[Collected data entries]
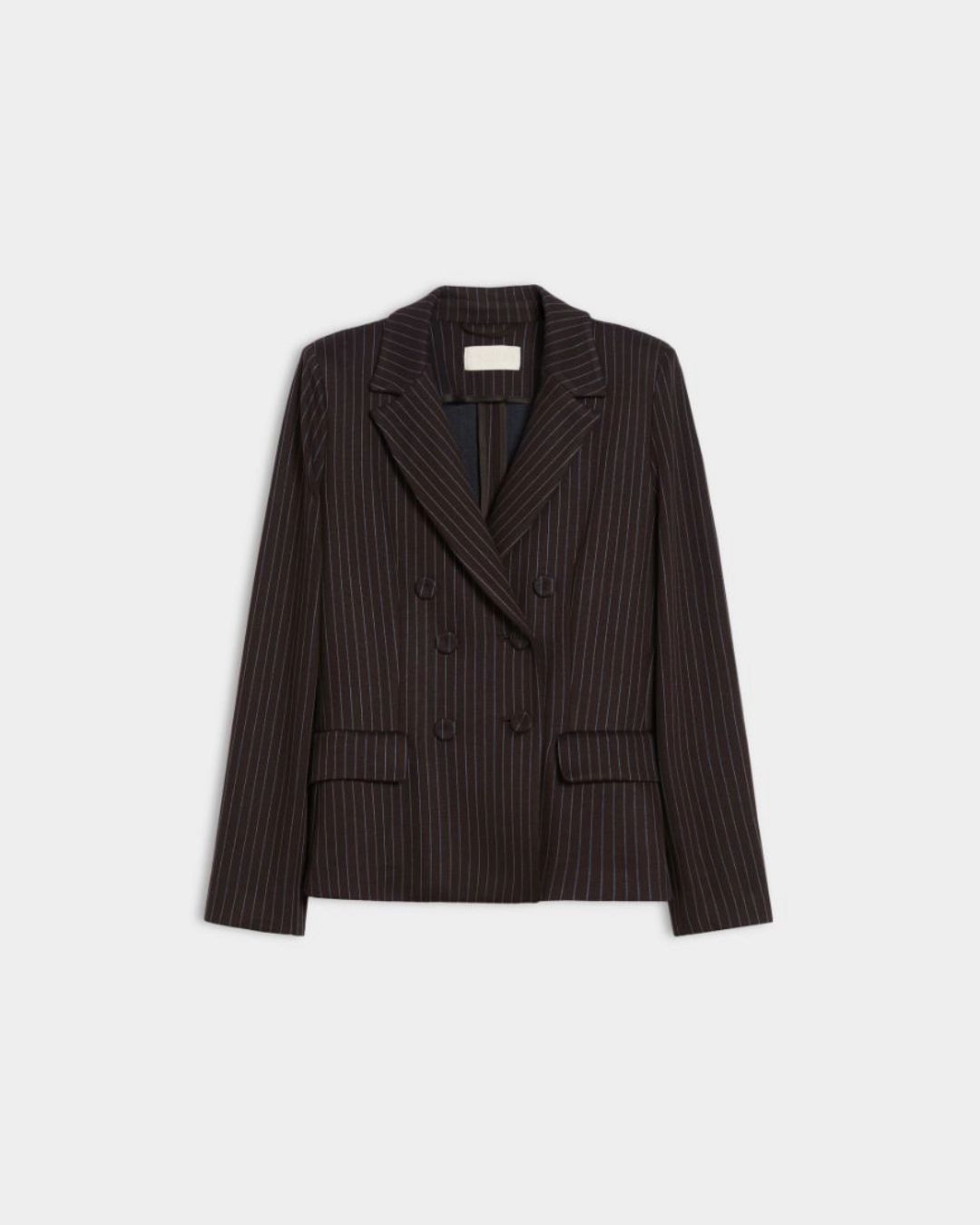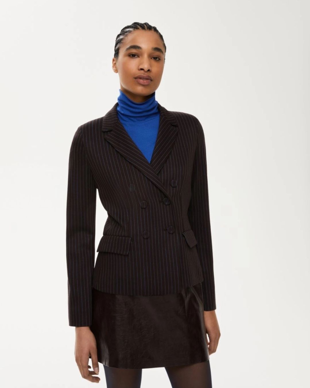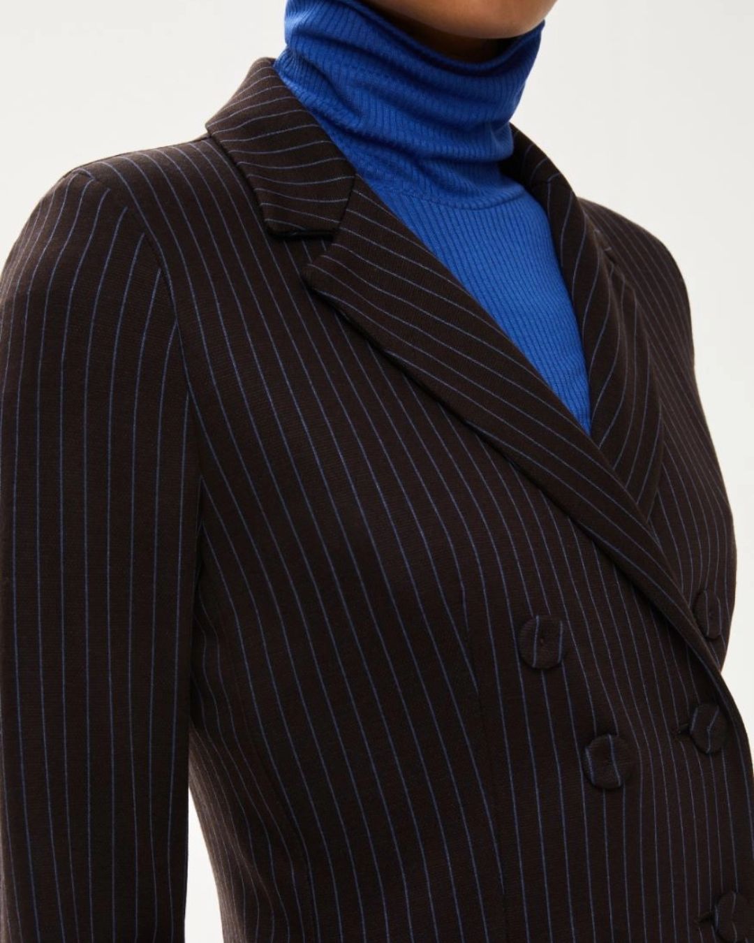 Confeccionada en tejido jacquard elástico, aporta estructura y comodidad a partes iguales. Su diseño cruzado con botones forrados, solapa clásica y bolsillos con solapa evocan la sastrería más refinada, mientras que el corte ajustado realza la figura con un aire actual y femenino.
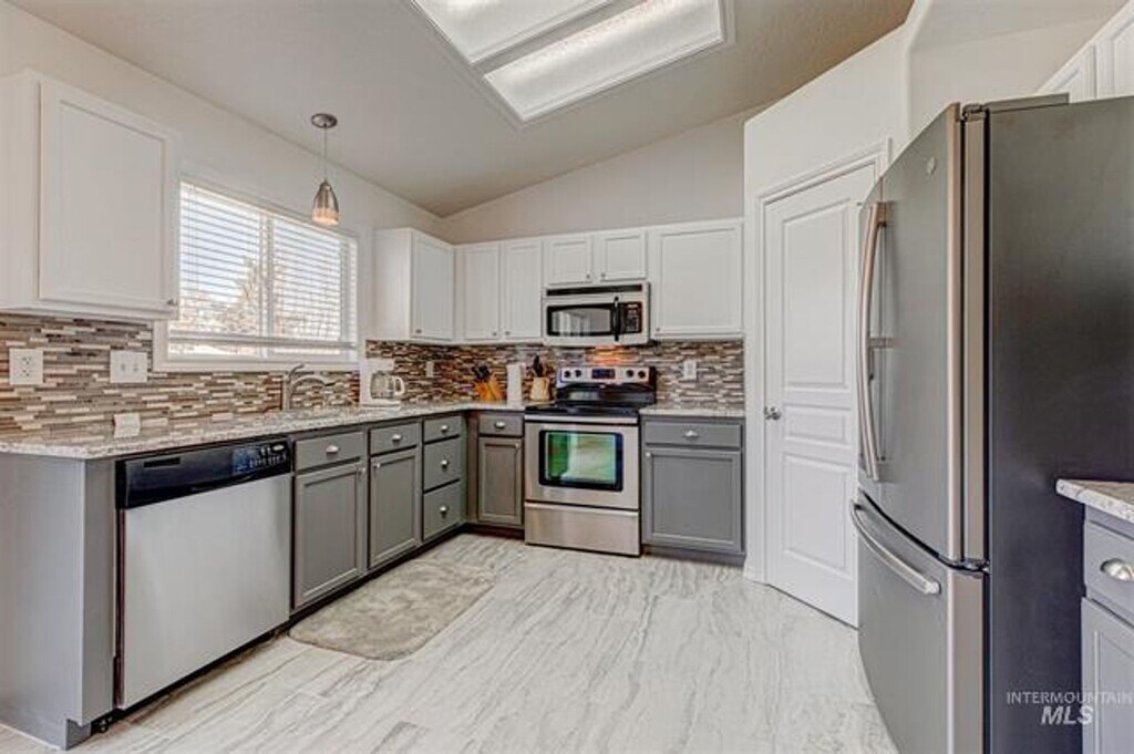 This home is newly updated in the kitchen, flooring & bathrooms! Inside you will find a split bedroom, 4 bed, 2 bath with vaulted ceilings! Utilize the 4th bedroom as a home office or entertainment room. Relax on the covered front patio or retreat to the backyard patio to imagine the possibilities for limitless gardening, entertainment & recreational opportunities. Extra-long driveway space, RV parking on side, and lovely planter to greet front door guests.
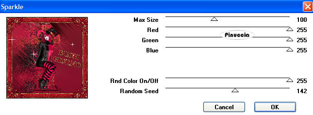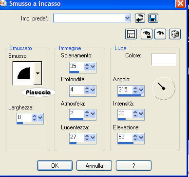 qui puoi trovare qualche risposta ai tuoi dubbi. Se l'argomento che ti interessa non è presente, ti prego di segnalarmelo. Questo tutorial è stato scritto con PSP 9, ma può essere eseguito anche con le altre versioni di PSP. Occorrente: Un tube a scelta. Materiale qui Apri il motivo oro e minimizzalo nella tua area di lavoro. Lo troverai nella lista dei motivi disponibili quando ti servirà. Apri i fonts e minimizzali. Li troverai nella lista dei font disponibili quando ti serviranno. Filtri: Flaming Pear - Solidify qui Funhouse 1 e 2 qui VM Natural qui Simple qui Il tube che ho usato per illustrare il tutorial è di Filly 1. Apri una nuova immagine trasparente 500 x 500 pixels. Apri il tube che hai scelto a vai a Modifica>Copia. Torna all'immagine trasparente e vai a Modifica>Incolla>Incolla come nuovo livello. Livelli>Unisci>Unisci visibile. Livelli>Duplica. 2. Chiudi il livello della copia. Attiva il livello del tube originale. Effetti>Plugins>Flaming Pear - Solidify. Effetti>Funhouse>Xaggerate: ![]() Rendi nuovamente visibile il livello della copia. 3. Immagine>Aggiungi bordatura, 3 pixels, simmetriche, con un colore qualsiasi, purchè non presente nell'immagine. Seleziona il bordo con la bacchetta magica ![]() Imposta il colore di primo piano su Motivi e seleziona il motivo oro Gold1. ![]() Effetti>Plugins>VM Toolbox - Brightness Noise, con i settaggi standard. ![]() Selezione>Nessuna selezione. Immagine>Aggiungi bordatura, 30 pixels, simmetriche, con un colore preso dall'immagine. Seleziona il bordo con la bacchetta magica ![]() Effetti>Plugins>VM Toolbox - Brightness Noise: regola a tua discrezione, se ti sembra troppo scuro, il settaggio della luminanza (Brightness). Effetti>Effetti 3D>Smusso a incasso: ![]() Selezione>Nessuna selezione. Immagine>Aggiungi bordatura, 3 pixels, simmetriche, con un colore qualsiasi. Seleziona il bordo con la bacchetta magica ,e riempilo con il motivo oro.Effetti>Plugins>VM Toolbox - Brightness Noise. Selezione>Nessuna selezione. 4. Livelli>Nuovo livello raster. Imposta il colore di primo piano con il motivo oro e il colore di sfondo con un colore preso dall'immagine. Attiva lo strumento Testo , seleziona il font Fancy Pants, pennellata 1,per la dimensione regolati a seconda della lunghezza del testo. Scrivi il tuo testo e posizionalo. Effetti>Plugins>VM Toolbox - Brightness Noise. Effetti>Effetti 3D>Sfalsa ombra, con i seguenti settaggi, colore nero ![]() Selezione>Nessuna selezione. 6. Seleziona il font Dingbat Corner2. Livelli>Nuovo livello raster. Scegli un angolo e digita la relativa lettera in carattere maiuscolo, con gli stessi settaggi usati per il testo al punto 5. Posiziona l'immagine nell'angolo in alto a sinistra. Effetti>Effetti 3D>Sfalsa ombra, con i seguenti settaggi, colore nero. ![]() Selezione>Nessuna selezione. Effetti>Plugins>Simple - Top left mirror. Questo filtro duplicherà l'angolo e lo posizionerà negli altri tre angoli. Se il risultato non ti soddisfa, annulla con Modifica>Annulla Filtro Simple, e duplica il livello dell'angolo, posizionandolo come preferisci. Questo è il momento, se vuoi, di aggiungere la tua firma o il tuo watermark. Livelli>Unisci>Unisci tutto. Se vuoi, ridimensiona l'immagine a 500 x 500 pixels e, se necessario, metti a fuoco. 7. Le stelle. Seleziona la parte che vuoi animare.Effetti>Plugins>VM Toolbox - Sparkle, e imposta il valore "Max Size" a 100. ![]() Selezione>Nessuna selezione. Modifica>Copia. Apri Animation Shop. Clicca con il tasto destro del mouse sullo spazio vuoto e Incolla come nuova animazione. ![]() Torna in PSP. Modifica>Annulla azione Nessuna selezione. Modifica>Annulla azione Sparkle. Effetti>Plugins>VM Toolbox - Sparkle, e cambia il settaggio "Max Size". Selezione>Nessuna selezione. Modifica>Copia. Torna in Animation Shop e vai a Modifica>Incolla>Incolla dopo il fotogramma corrente. Ancora in PSP. Modifica>Annulla azione Nessuna selezione. Modifica>Annulla azione Sparkle. Ripeti l'Effetto Sparkle, cambiando ancora il settaggio "Max Size". Selezione>Nessuna selezione. Modifica>Copia. Di nuovo in Animation Shop e vai a Modifica>Incolla>Incolla dopo il fotogramma corrente. Clicca sul primo fotogramma per selezionarlo e vai a Modifica>Seleziona tutto. Animazione>Proprietà fotogramma, e imposta la velocità a 45. ![]() Per controllare il risultato, clicca su Visualizza .Salva in formato gif. ![]() Se hai problemi o dubbi, o trovi un link non funzionante, o anche soltanto per un saluto, scrivimi 19 Giugno 2007 |
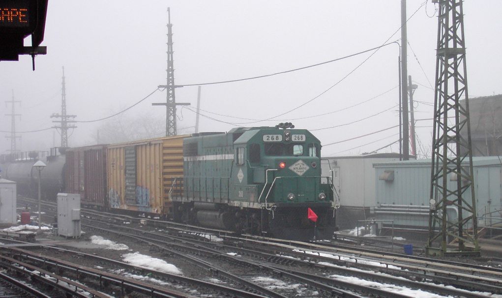 NY&A GP38-2 268 brings up the rear of a freight consist @ Jamaica. Photo taken by Brian Weinberg, 02/23/2003. (99kb)
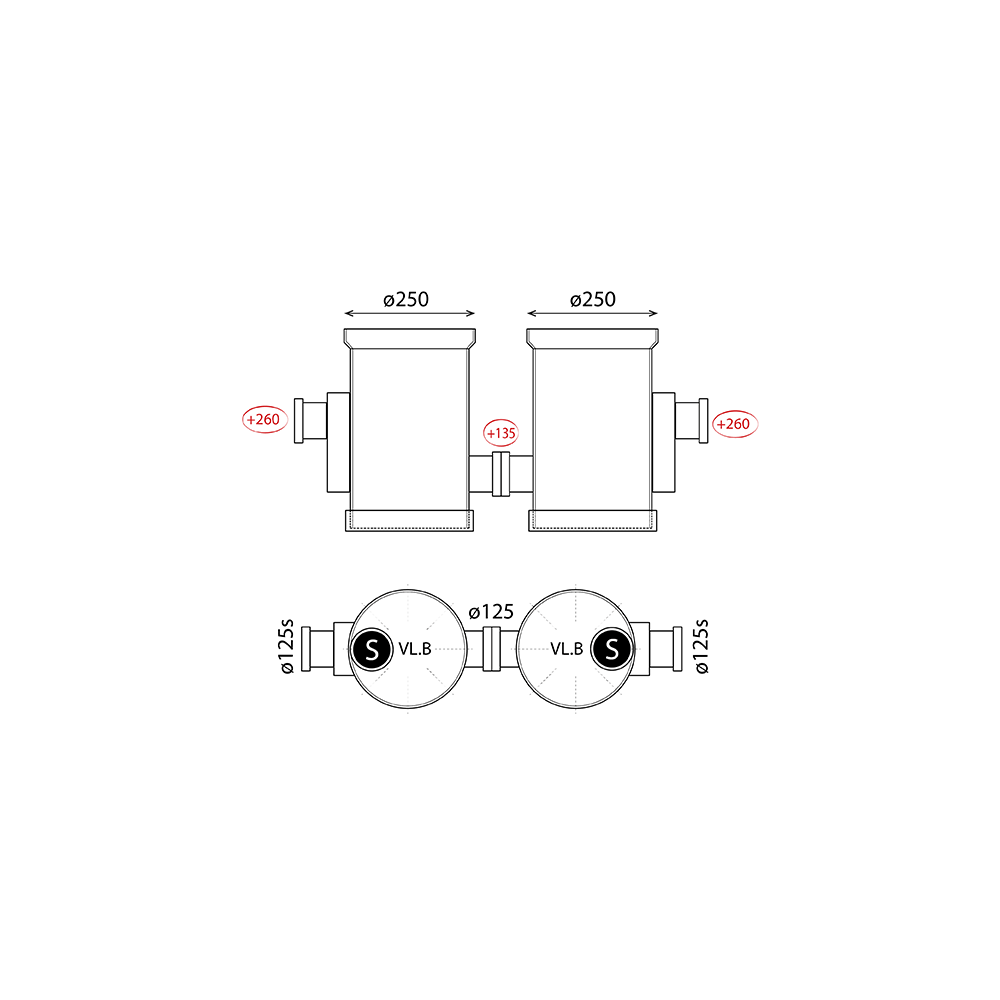 PVC CHAMB. FB 250MM A/1X125SP B/1X125SP GREASE COL
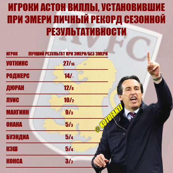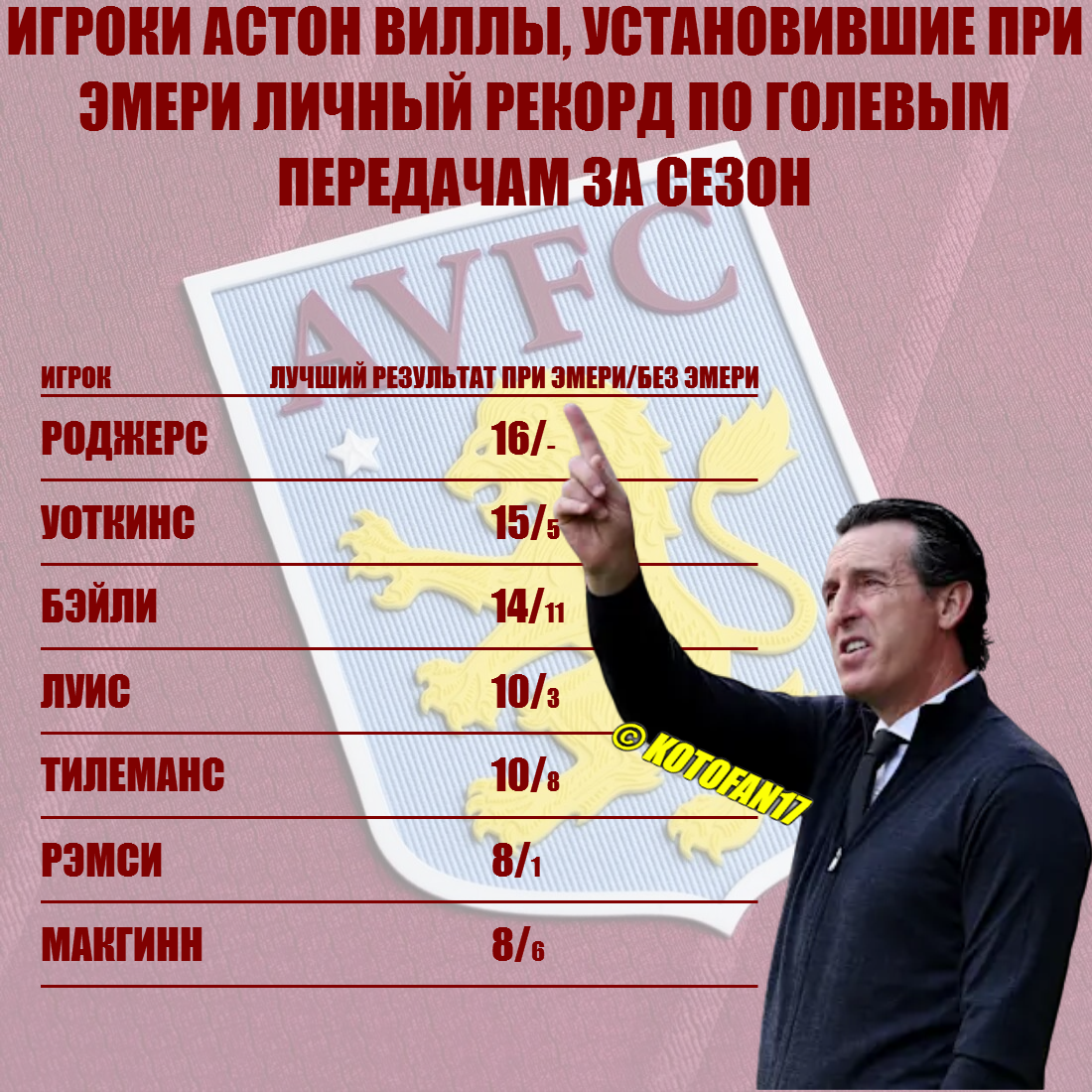 В Астон Вилле, равно как и в Вильярреале, целый ряд игроков установил при Эмери личный рекорд сезонной результативности.

→ Exercise instructions:
Please give an exact printout of all the records, pictures aside.

→ Finished exercise:
 Confeccionada en tejido jacquard elástico, aporta estructura y comodidad a partes iguales. Su diseño cruzado con botones forrados, solapa clásica y bolsillos con solapa evocan la sastrería más refinada, mientras que el corte ajustado realza la figura con un aire actual y femenino.
 This home is newly updated in the kitchen, flooring & bathrooms! Inside you will find a split bedroom, 4 bed, 2 bath with vaulted ceilings! Utilize the 4th bedroom as a home office or entertainment room. Relax on the covered front patio or retreat to the backyard patio to imagine the possibilities for limitless gardening, entertainment & recreational opportunities. Extra-long driveway space, RV parking on side, and lovely planter to greet front door guests.
 qui puoi trovare qualche risposta ai tuoi dubbi. Se l'argomento che ti interessa non è presente, ti prego di segnalarmelo. Questo tutorial è stato scritto con PSP 9, ma può essere eseguito anche con le altre versioni di PSP. Occorrente: Un tube a scelta. Materiale qui Apri il motivo oro e minimizzalo nella tua area di lavoro. Lo troverai nella lista dei motivi disponibili quando ti servirà. Apri i fonts e minimizzali. Li troverai nella lista dei font disponibili quando ti serviranno. Filtri: Flaming Pear - Solidify qui Funhouse 1 e 2 qui VM Natural qui Simple qui Il tube che ho usato per illustrare il tutorial è di Filly 1. Apri una nuova immagine trasparente 500 x 500 pixels. Apri il tube che hai scelto a vai a Modifica>Copia. Torna all'immagine trasparente e vai a Modifica>Incolla>Incolla come nuovo livello. Livelli>Unisci>Unisci visibile. Livelli>Duplica. 2. Chiudi il livello della copia. Attiva il livello del tube originale. Effetti>Plugins>Flaming Pear - Solidify. Effetti>Funhouse>Xaggerate: ![]() Rendi nuovamente visibile il livello della copia. 3. Immagine>Aggiungi bordatura, 3 pixels, simmetriche, con un colore qualsiasi, purchè non presente nell'immagine. Seleziona il bordo con la bacchetta magica ![]() Imposta il colore di primo piano su Motivi e seleziona il motivo oro Gold1. ![]() Effetti>Plugins>VM Toolbox - Brightness Noise, con i settaggi standard. ![]() Selezione>Nessuna selezione. Immagine>Aggiungi bordatura, 30 pixels, simmetriche, con un colore preso dall'immagine. Seleziona il bordo con la bacchetta magica ![]() Effetti>Plugins>VM Toolbox - Brightness Noise: regola a tua discrezione, se ti sembra troppo scuro, il settaggio della luminanza (Brightness). Effetti>Effetti 3D>Smusso a incasso: ![]() Selezione>Nessuna selezione. Immagine>Aggiungi bordatura, 3 pixels, simmetriche, con un colore qualsiasi. Seleziona il bordo con la bacchetta magica ,e riempilo con il motivo oro.Effetti>Plugins>VM Toolbox - Brightness Noise. Selezione>Nessuna selezione. 4. Livelli>Nuovo livello raster. Imposta il colore di primo piano con il motivo oro e il colore di sfondo con un colore preso dall'immagine. Attiva lo strumento Testo , seleziona il font Fancy Pants, pennellata 1,per la dimensione regolati a seconda della lunghezza del testo. Scrivi il tuo testo e posizionalo. Effetti>Plugins>VM Toolbox - Brightness Noise. Effetti>Effetti 3D>Sfalsa ombra, con i seguenti settaggi, colore nero ![]() Selezione>Nessuna selezione. 6. Seleziona il font Dingbat Corner2. Livelli>Nuovo livello raster. Scegli un angolo e digita la relativa lettera in carattere maiuscolo, con gli stessi settaggi usati per il testo al punto 5. Posiziona l'immagine nell'angolo in alto a sinistra. Effetti>Effetti 3D>Sfalsa ombra, con i seguenti settaggi, colore nero. ![]() Selezione>Nessuna selezione. Effetti>Plugins>Simple - Top left mirror. Questo filtro duplicherà l'angolo e lo posizionerà negli altri tre angoli. Se il risultato non ti soddisfa, annulla con Modifica>Annulla Filtro Simple, e duplica il livello dell'angolo, posizionandolo come preferisci. Questo è il momento, se vuoi, di aggiungere la tua firma o il tuo watermark. Livelli>Unisci>Unisci tutto. Se vuoi, ridimensiona l'immagine a 500 x 500 pixels e, se necessario, metti a fuoco. 7. Le stelle. Seleziona la parte che vuoi animare.Effetti>Plugins>VM Toolbox - Sparkle, e imposta il valore "Max Size" a 100. ![]() Selezione>Nessuna selezione. Modifica>Copia. Apri Animation Shop. Clicca con il tasto destro del mouse sullo spazio vuoto e Incolla come nuova animazione. ![]() Torna in PSP. Modifica>Annulla azione Nessuna selezione. Modifica>Annulla azione Sparkle. Effetti>Plugins>VM Toolbox - Sparkle, e cambia il settaggio "Max Size". Selezione>Nessuna selezione. Modifica>Copia. Torna in Animation Shop e vai a Modifica>Incolla>Incolla dopo il fotogramma corrente. Ancora in PSP. Modifica>Annulla azione Nessuna selezione. Modifica>Annulla azione Sparkle. Ripeti l'Effetto Sparkle, cambiando ancora il settaggio "Max Size". Selezione>Nessuna selezione. Modifica>Copia. Di nuovo in Animation Shop e vai a Modifica>Incolla>Incolla dopo il fotogramma corrente. Clicca sul primo fotogramma per selezionarlo e vai a Modifica>Seleziona tutto. Animazione>Proprietà fotogramma, e imposta la velocità a 45. ![]() Per controllare il risultato, clicca su Visualizza .Salva in formato gif. ![]() Se hai problemi o dubbi, o trovi un link non funzionante, o anche soltanto per un saluto, scrivimi 19 Giugno 2007 |
 NY&A GP38-2 268 brings up the rear of a freight consist @ Jamaica. Photo taken by Brian Weinberg, 02/23/2003. (99kb)
 PVC CHAMB. FB 250MM A/1X125SP B/1X125SP GREASE COL
 В Астон Вилле, равно как и в Вильярреале, целый ряд игроков установил при Эмери личный рекорд сезонной результативности.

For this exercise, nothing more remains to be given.